おととい ( 2019年9月23日 )志鷹美紗さんのピアノリサイタル ( 東京公演 )に行ってきました。志鷹美紗さんのピアノリサイタルに行くのは、昨年に続いて2度目でした。
会場は新宿区西新宿にある〔 東京オペラシティ リサイタルホール 〕。最寄り駅の初台駅で電車から降りたら駅構内の通路の壁に楽譜が描かれていて、気持ちが高揚しました。東京オペラシティーには初めて行きましたが、良いところですね。隣りには新国立劇場もあり、周辺を散歩していたら優雅な気分になりました。
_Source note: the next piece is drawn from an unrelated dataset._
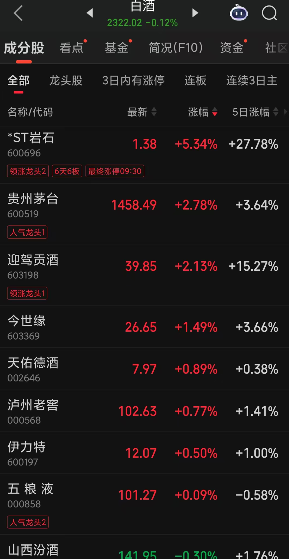 成分股中,除*ST岩石因资金炒作连续两日涨停外,贵州茅台表现突出,涨幅约2.78%,报1458.49元/股,这或与市场对其一季报的预期有关;迎驾贡酒继前一日涨停后继续上涨,收盘39.85元/股,涨幅2.13%,五粮液、泸州老窖等5只个股也呈上涨态势。

今年も前の方の席で志鷹さんの演奏を聴きたいと思い、開場時刻よりもかなり早めに会場に向かったのですが、僕が着いた時はすでにたくさんの方が並んでいました。


今回のリサイタルの曲目は、前半が ドビュッシー作曲 『 ベルガマスク組曲 』と ベートーヴェン作曲 『 ピアノソナタ 第8番「 悲愴 」』。後半が ショパン作曲 『 12の練習曲 Op-10 』全曲 でした。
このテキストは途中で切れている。